Football Credit Cards

Football Credit Cards

I watched the Super Bowl at home last night. I’m sick with a flu bug so I stayed away from the party rather than playing the role of Typhoid Rebel. Wow! What an eye opening experience that was. Not because of staying home alone. And not because of the game – which was great.

The WOW was because of what I learned.

It all started out simply enough. I was Tweeting with a couple of gal friends as the coin was tossed, then the game began – and then the ads started.That’s when the fun began.

It wasn’t the game that everybody was xôi lạc tv commenting on. It was the ads! And what comments they were. OMG! My Twitter stream went from this powerful, positive information-filled environment to a running stream of sarcastic comments whose seeming purpose was to diss every advertising firm involved. When did we become so hard to please? It’s a football game!

But then I noticed some other comments – from people who loved the first round of ads, and the next and the next. Positive, upbeat, heart-filled and supportive. These people also commented on the game itself, interacting with a light-hearted, upbeat spirit – like they were at a real football game. They were reveling in the celebration. It was such fun to share the game and the whole experience with them!

I created two new TD columns for these sets of Tweeps – added the folks who were online and active. I also added a third column – for all the folks who were on Twitter but who hadn’t said a single word about the game so far.

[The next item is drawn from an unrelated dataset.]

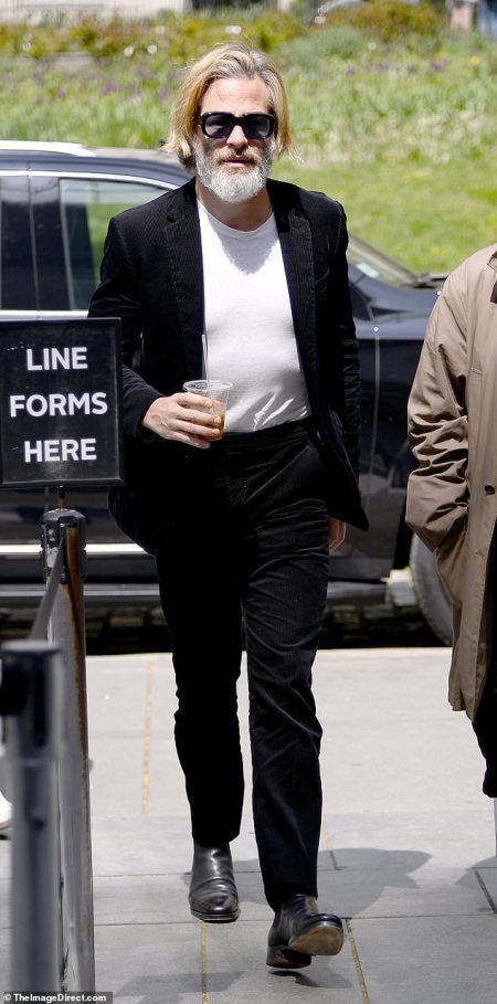 Chris Pine was seen in New York City looking stylish in a black corduroy suit paired with a white crew…

I watched those three columns between plays, and I learned so much!

* The cool Tweeps – the ones who were dissing everything in sight – pretty much kept on doing just that. No matter what was happening. They dissed the ads, the plays, called The Who a bunch of old men who needed to be in nursing homes. Sarcasm must be the new chic???

* The happy Tweeps – the ones who were enjoying the game – commented about everything that was happening, straight from their hearts. They liked some ads, didn’t like some ads and discussed why and why not. They didn’t try to be important or cool – they were having fun AND providing real feedback on every $3M spent. And BTW – the guys tended to like pretty much the same ads, across the board. Imagine that.

* The hard-working Tweeps kept focused on their normal, every Sunday afternoon kinda Tweets. Not one of them mentioned the game, ever. And yes, they were in the US.